Financial statements

For the period ended DD MM 2014

The notes set out on pages xx to xx form an integral part of these financial statements

Authorization Date

The financial statements were approved by the management of the project on …………………….. and signed on its behalf by:

Prepared by:
Chief Accountant / Signature / Date
Checked by:
Finance Manager / Signature / Date
Checked by:
Project Coordinator / Signature / Date
Approved by:
Chief Budget Manager / Signature / Date

1

XXX Project (Insert correct name of your Project)

Financial statements

For the period ended DD MM 2014

7.ACCOUNTING POLICIES

These are the specific principles, bases, conventions, rules and practices adopted by the Government of Rwanda in preparing and presenting the financial statements.
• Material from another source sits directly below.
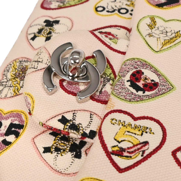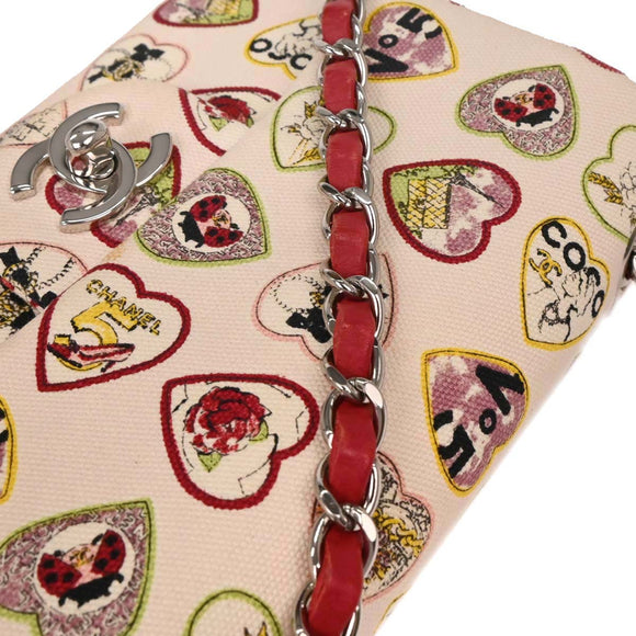 Chanel 2005-2006 Pink Canvas Valentine Mini Classic Square Flap Shoulder Bag

The principal accounting policies adopted in the preparation of these financial statements are set out below. These policies have been consistently applied to all years presented and in all material aspects, unless otherwise stated.

a)Basis of preparation

The Financial Statements have been prepared in accordance with the following policies, which have been applied consistently in all material aspects, unless otherwise indicated. However, where appropriate and meaningful, additional information has been disclosed to enhance the usefulness of the Financial Statements and to comply with the requirements of Article 66 of the Organic Law on State Finances and Property: Law No. 12/2013 of 12 September 2013 and the Ministerial Order N°001/16/10/TCof 26/01/2016 relating to Accounting Standards applicable to Public Entity

The Financial Statements have been prepared based on generally Accepted accounting Standards, except where stated otherwise. In the context of Ministerial Order N°001/16/10/TCof 26/01/2016relating to Financial Regulations, financial transactions are recognized in the books of account as follows:

  1. Generally, transactions are recognized only at the time the associated cash flows take place;
  2. The expenditure on acquisition of fixed assets is not capitalized. Thus fixed assets are written–off on acquisition and the wear and tear (depreciation) of those assets is not recorded in the books of account; and
  3. Prepaid expenditure/advances is written-off during the period of disbursement.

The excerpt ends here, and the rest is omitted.